I’ve been using (Windows) Scrivener to work on a my novel and am pretty much delirious with happiness. My draft, revisions, notes, and research are all in one area, sometimes in a chaotic mess, but a mess that I have no trouble accessing or sorting out when I need to. (Couldn’t do that with paper or with multiple Word documents all over the place, nosiree!)
This arrangement works great for writing one novel–but I’m a little stumped on how I’m going to work on a novel series. Originally, I thought I’d create an separate Scrivener project for each book. But what about my worldbuilding notes that may be relevant to all of the books. I could make copies, I suppose, but what if I make a change in project B, will I remember to make that same change in project A where it might have some impact?
Alternatively, I could have one massive Scrivener project for the entire series, and have each novel in its own section. (My concerns would be the performance and how easy would it be to compile each novel into its own document from the same project).
Or…I could have another Scrivener project just for my worldbuilding notes, but that would require me to have notes project and book project opened.
Has anyone tackled this scenario? Has anyone found a method that works for them and would like to share? I’d be interested for any ideas or suggestions.

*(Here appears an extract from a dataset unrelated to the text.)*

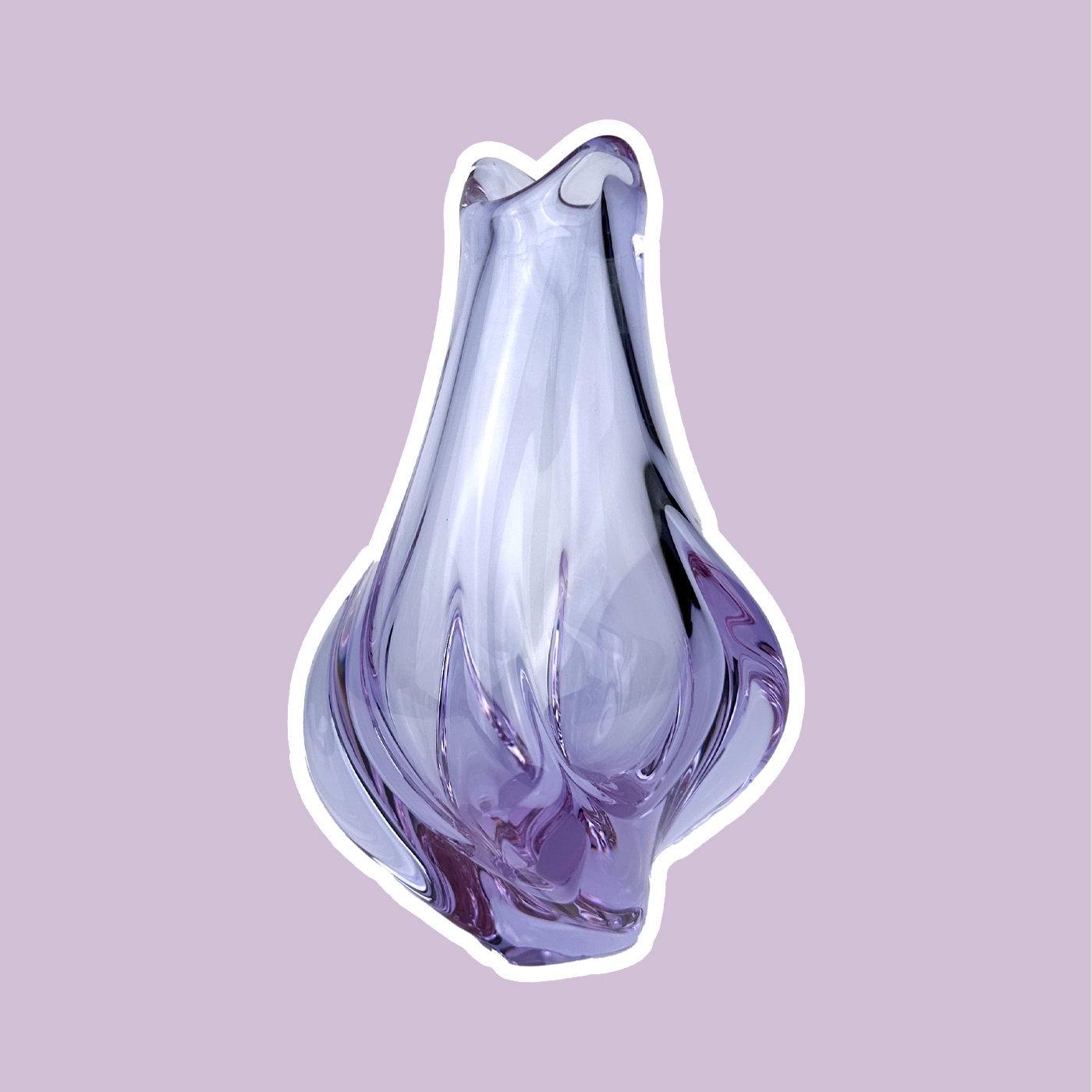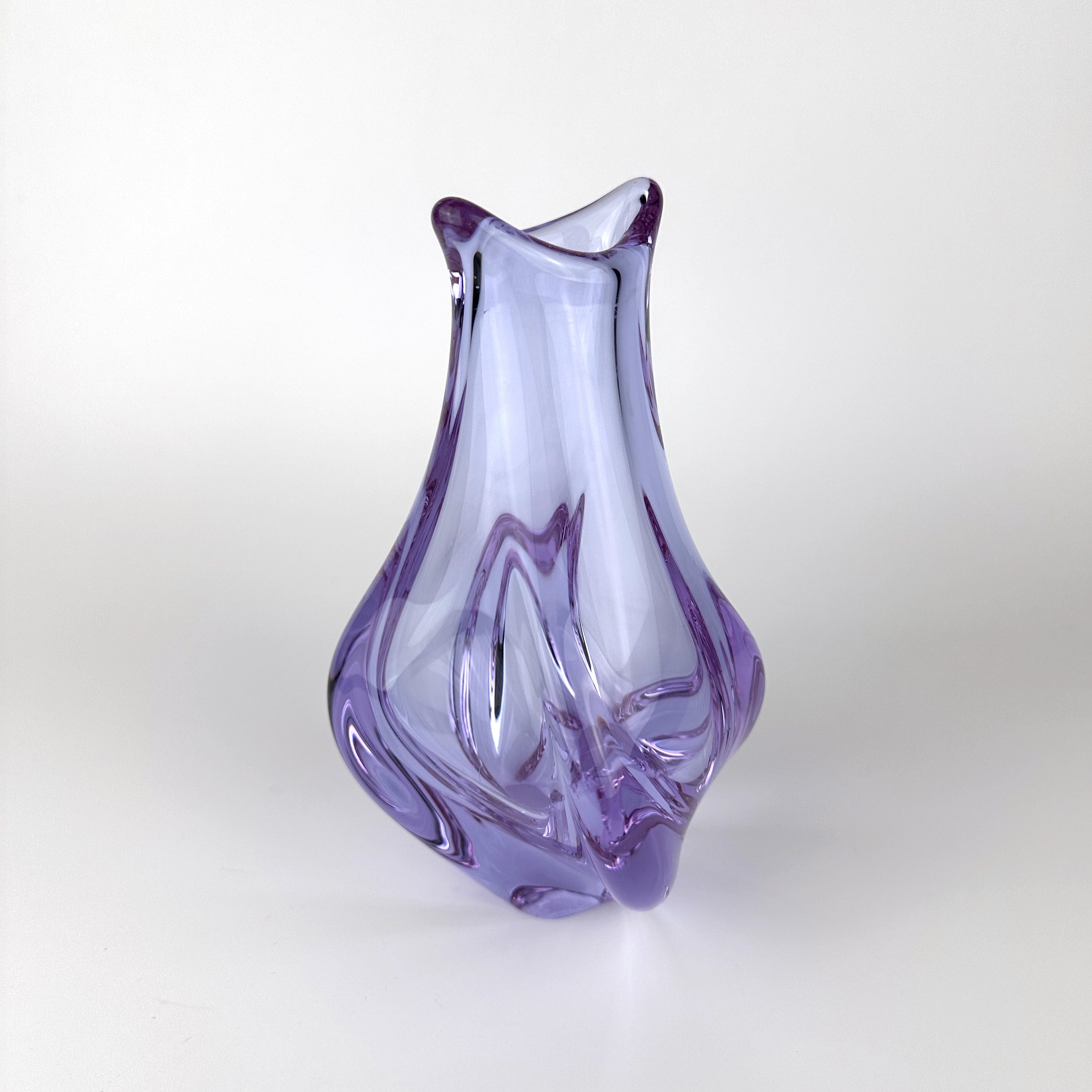 Beautiful vase made of alexandrite glass. This type of glass changes color depending on the light temperature. In daylight and generally warm light, the glass appears pink to violet. In cold light such as fluorescent tubes, the glass appears light blue to lilac.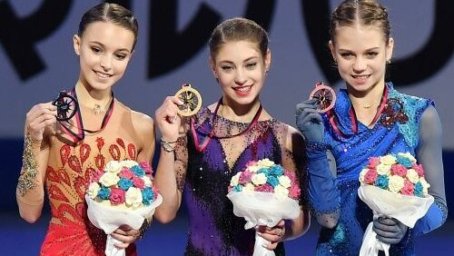 Вот так будет выглядеть пьедестал ЧМ по фигурному катанию среди женщин. Получите, распишитесь

Just keep everything in the same project. You can easily compile only portions of what is called the “Draft” folder, so you would have folders below it you would call “Book 1”, “Book 2” and so on.
Performance does not depend much on the size of a Scrivener project. This is because every document remains a file within the project, and Scrivener loads only that file every time you select a document in the binder. (The backup takes longer, of course.)
Keith once explained that even if you’d spend the rest of your life writing in only one Scrivener document, you would not run out of its limitations. In fact, you would not even come close. (Might be another thing if you’d spend the rest of your life importing PDFs, pictures and movie clips … )
Thank you both! This is exactly the information I’m looking for.
My own concern right now is the Windows version is still in its baby stages, but now I feel more confident that it’ll get to that performance handling stage, if it hasn’t already.
This is a great article! I am working on the first of what I hope to be a series of novels and many of these ideas will be very helpful. Thank you for sharing.
I too am working in a similar fashion (on a trilogy) and for that reason simply use folders for Books 1/2/3 as mentioned already. Each folder has the relevant scenes etc - any of which can be moved easily from book to another should the story dictate as such.
I’m glad to see something on writing series. I’m working on book three in an on-going series. My Series Bible is currently in Word, but I like the idea of having it also in Scrivener. I didn’t even think of running two instances of Scrivener (I’m on a PC). Great idea!